Add to that list Orrin Hatch.
Ali's widow, Lonnie, has even asked the Utah senator to speak at the boxing legend's funeral.
"I told her I would if I can make it," Hatch said. "In fact, I really have to. I've got to be there."
Hatch, according to a 1988 article in Insight Magazine, was Ali's favorite politician.
The article quoted Ali as having good friends in both political parties. "His favorite," the article noted, "is the deeply conservative Hatch." Ali told the reporter: "I like Orrin. He's a nice fella. He's a capable man and he's an honest man. And he fights for what he believes in."
He further told the magazine that he had first been impressed with Hatch when he listened to him during the Iran-Contra and Robert Bork hearings.

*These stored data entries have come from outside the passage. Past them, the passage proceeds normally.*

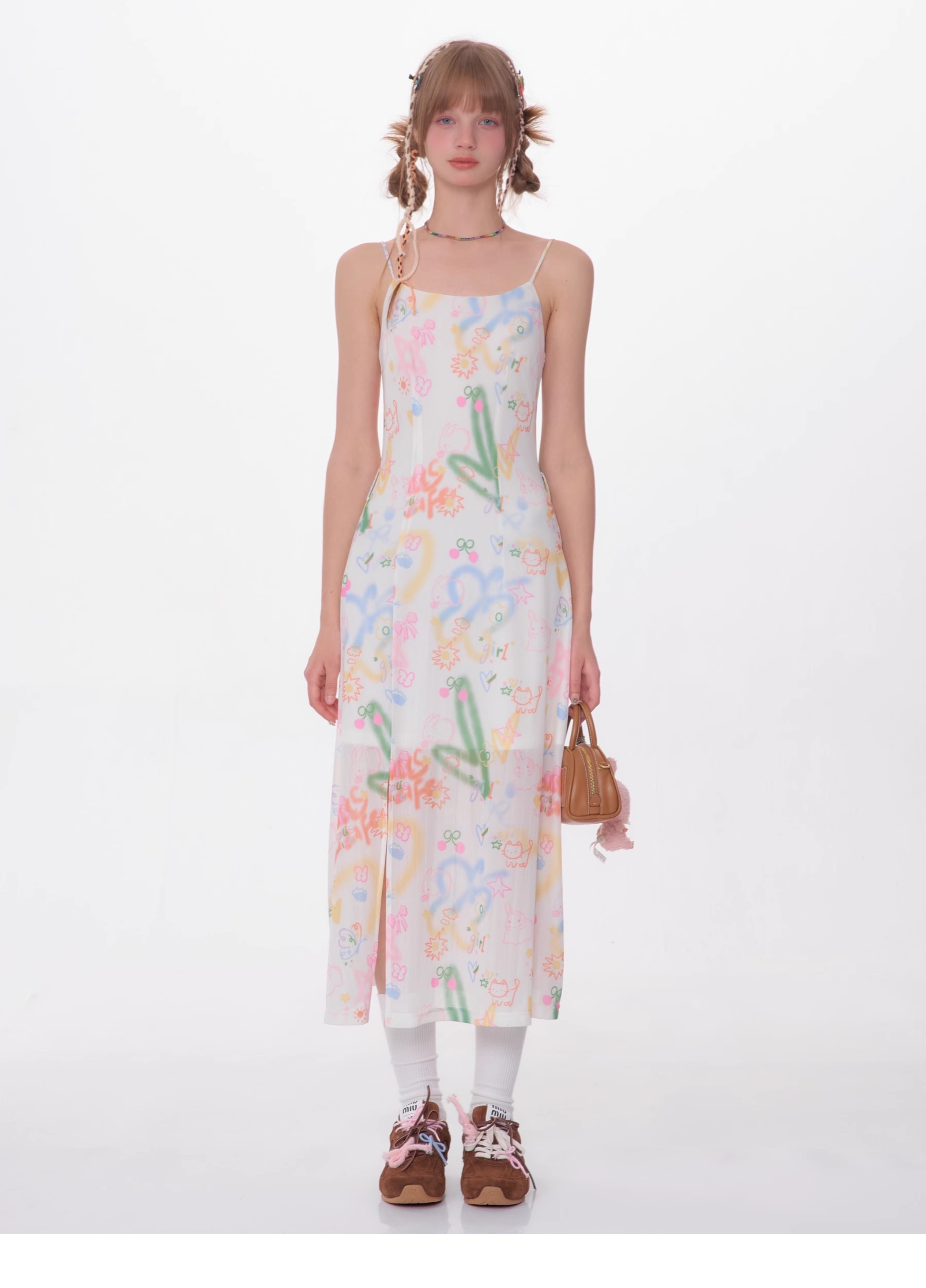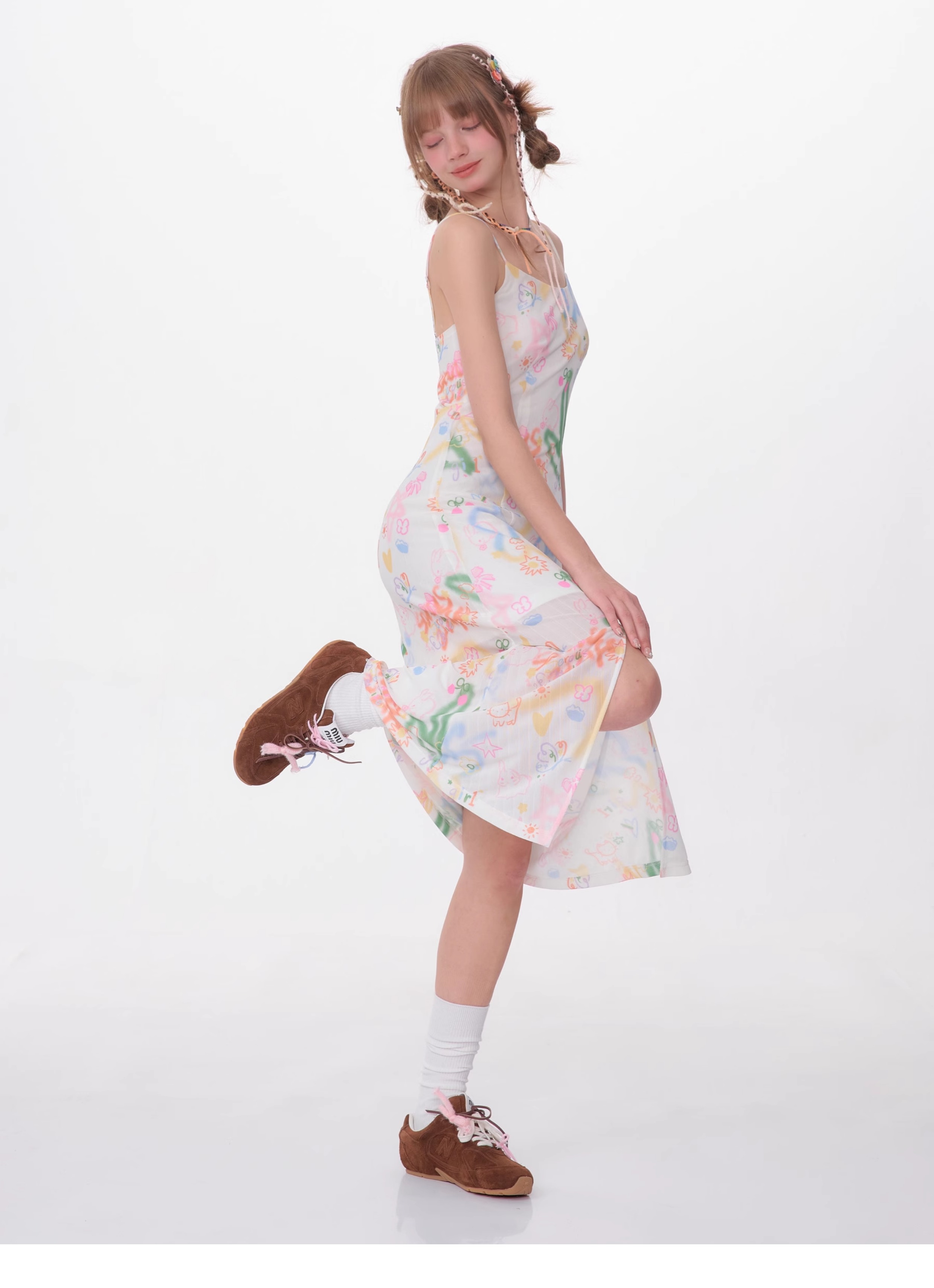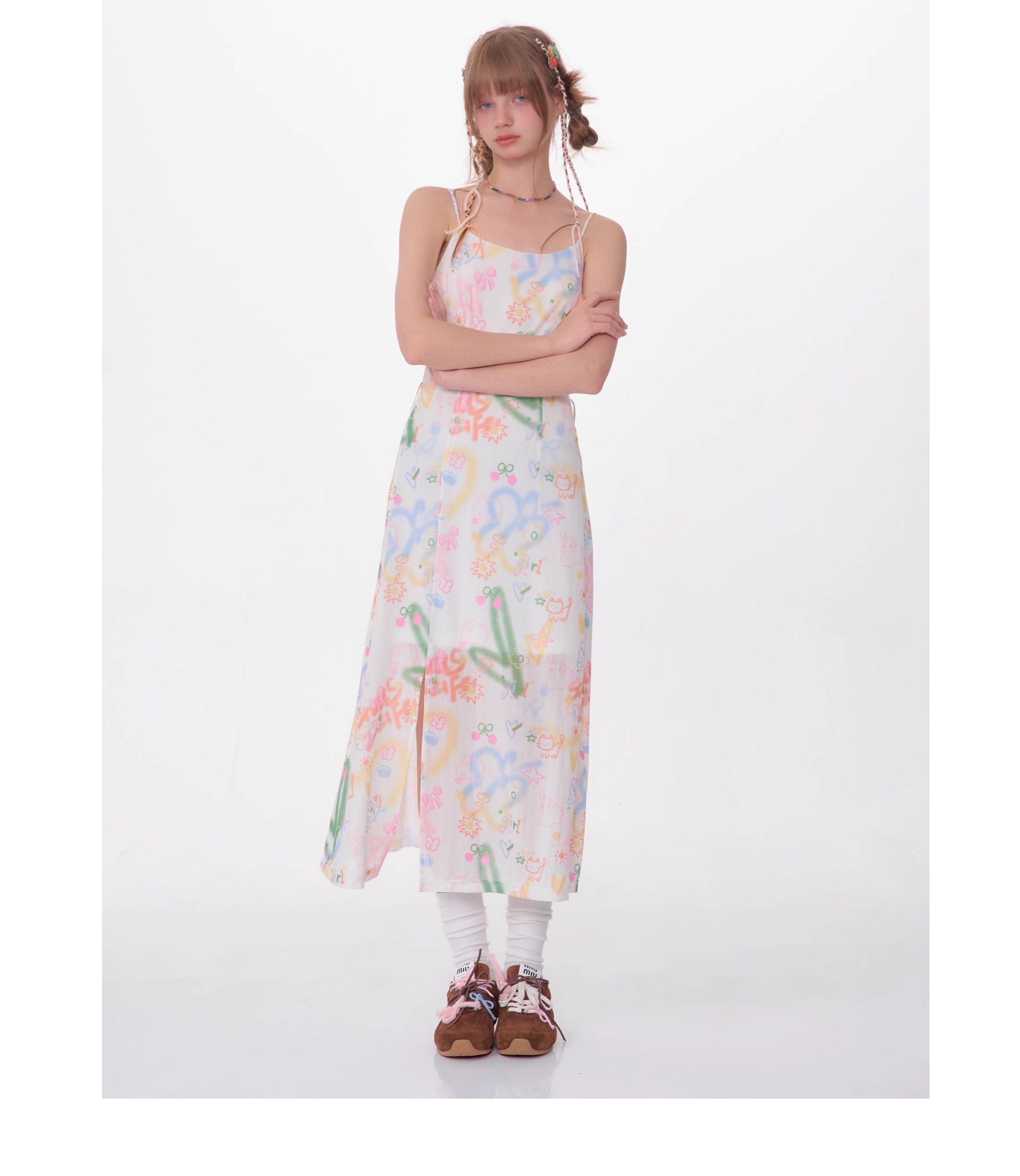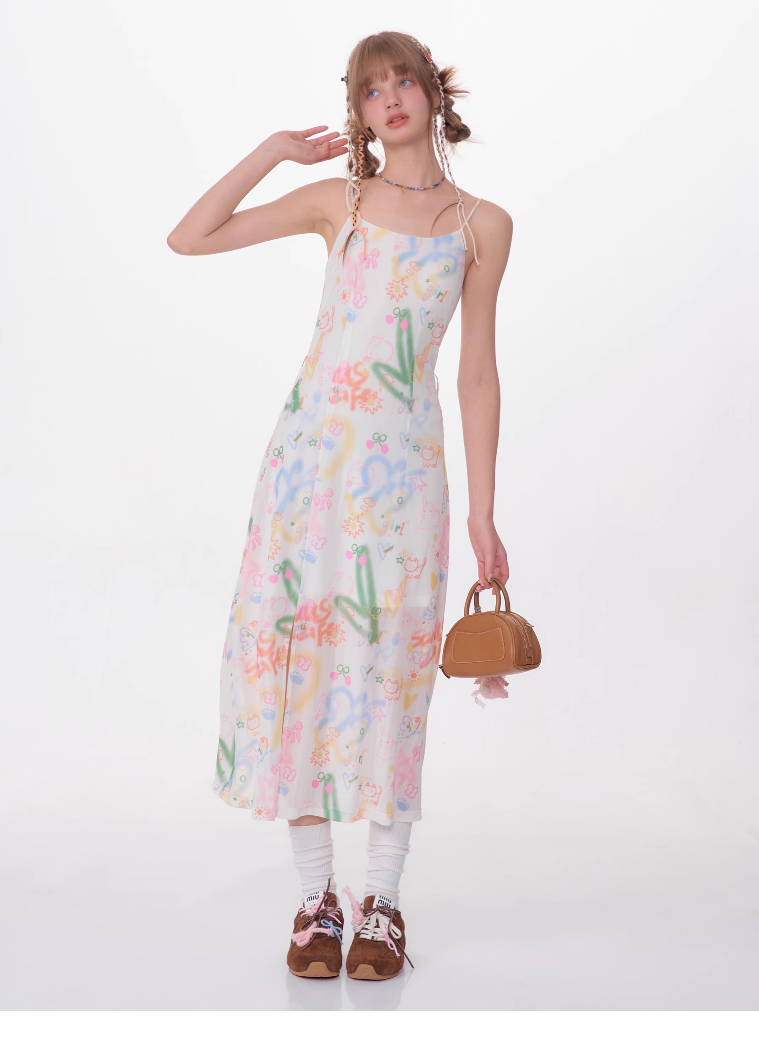 Платье на бретелях с принтом граффити | Длинная юбка приталенного кроя в стиле ретро весна/лето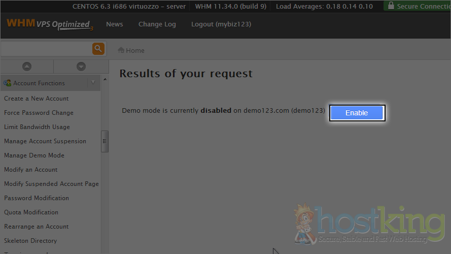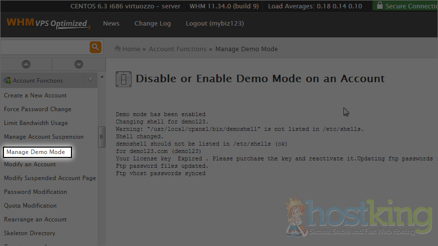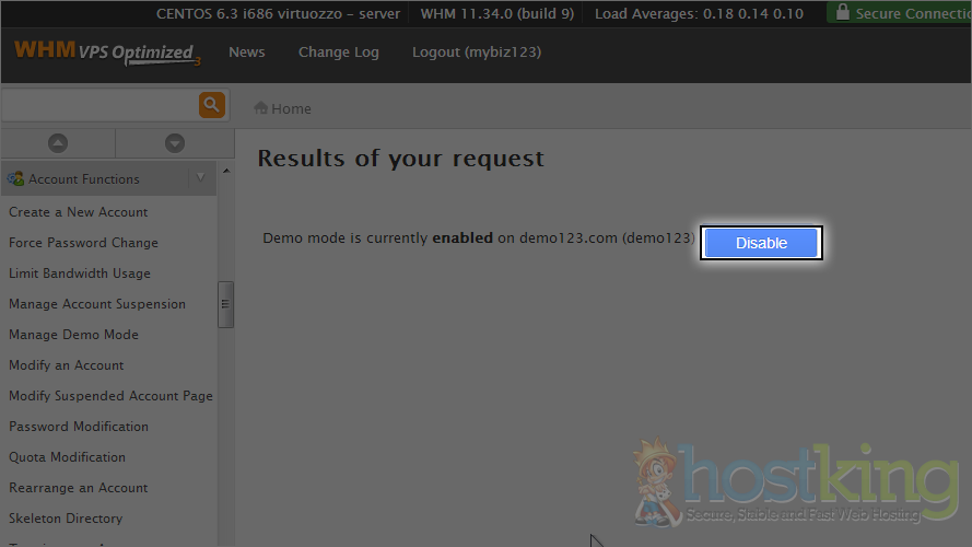 That's it! Demo mode has been enabled, meaning that when a user logs in to this account's cPanel, certain functions will be disabled.
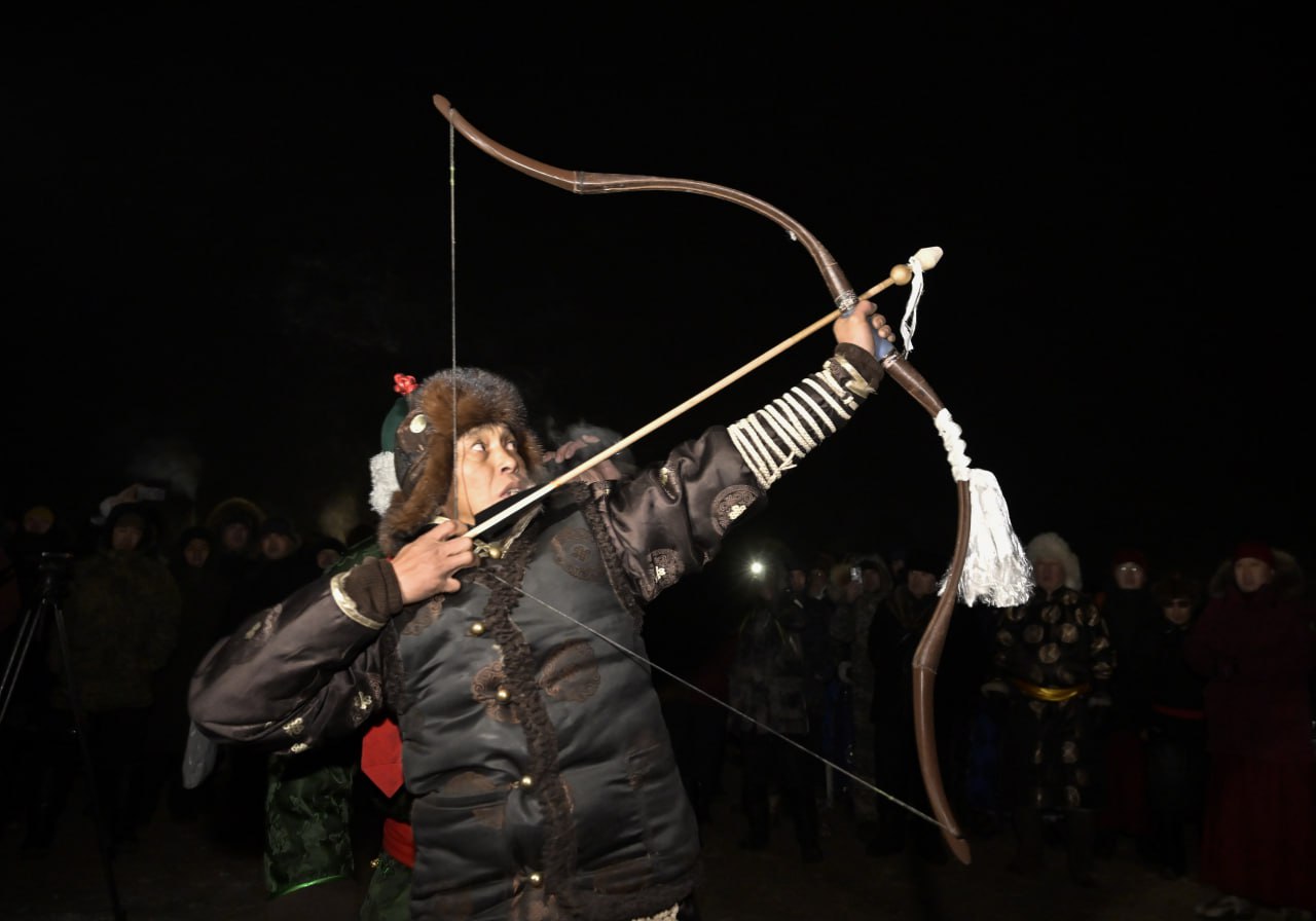 Модератор действия, Народный хоомейжи Республики Тыва Андрей Монгуш, рассказал всем присутствующим, о значении ритуала. Считается, что выпущенные из лука стрелы обладают очистительной силой, они уносят с собой все плохое из прошлого года, повышают силу духа у мужчин.
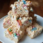 I grew up with plain Rice Krispies treats, but these Loaded Rice Krispies Treats take that nostalgic snack and turn it into something addictive: chocolate chips, extra mini marshmallows, peanut butter, and rainbow sprinkles folded into the classic marshmallow-and-cereal base. They’re the kind of thing you make when you want something fast, crowd-pleasing, and a little bit showy — perfect for bake sales, kids’ parties, after-school snacks, or a last-minute dessert at a potluck. If you like festive spins on childhood classics, you might also enjoy this holiday twist on the original recipe, especially around family gatherings: Christmas Rice Crispy Treats.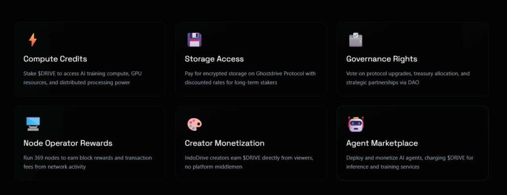 - Compute Credits: Stake DRIVE to access AI training, GPU power, and distributed compute.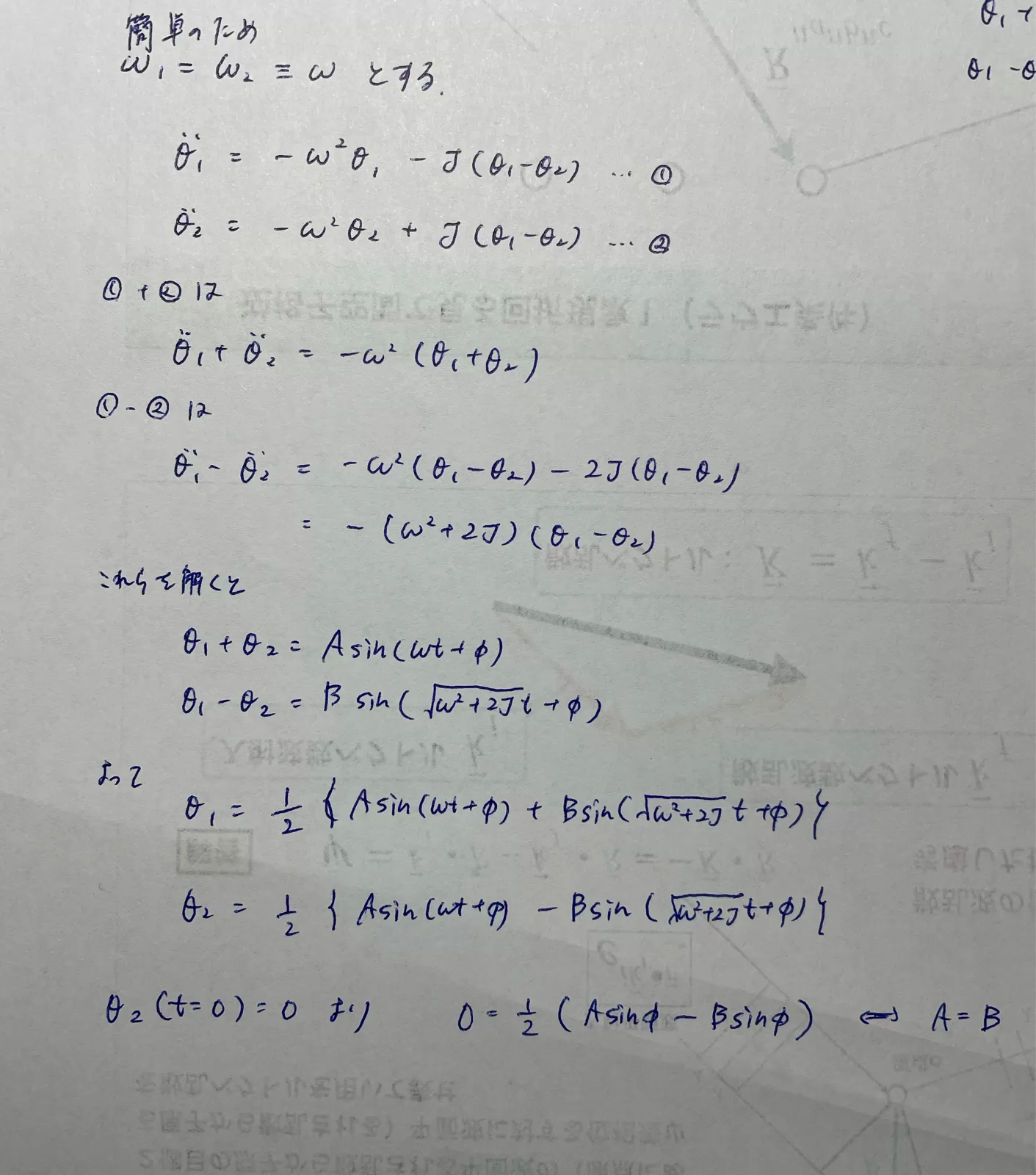 ひとつの振り子のうなりに関しては、θ1(θ2)の成分だけ取り出して和積の公式でまとめればうなりが導出できます。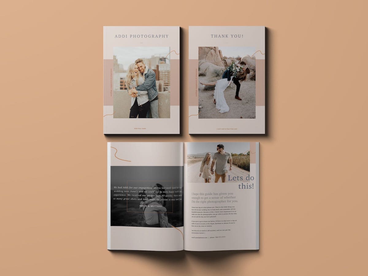 Designed to attract your ideal brides-to-be. With warm colors, modern layouts & gorgeous full page images. This Photography Pricing Guide will separate you from other photographers and give your clients a WOW experience.

"So I went up to Washington and met him in his office, and he was such a gentleman. He was so polite and courteous. And I could tell he wasn't patronizing me like some people do."
Ali came to Utah to campaign for Hatch in his re-election bid of 1988. He also supported a Hatch-sponsored group, which has raised $12 million for Utah charities, the GOP senator said.
"He came to a fundraising golf tournament for me in Heber City, even though he didn't golf," Hatch said. "He wanted to drive the golf cart, then promptly drove it off the path and crashed it. We had a good laugh over that."
According to the Hatch biography, "Leading the Charge," by Lee Roderick, the two bonded over legislative issues important to Ali that Hatch supported particularly the 1988 Fair Housing Amendments Act, which Hatch worked on with then-Sen. Ted Kennedy, D-Mass.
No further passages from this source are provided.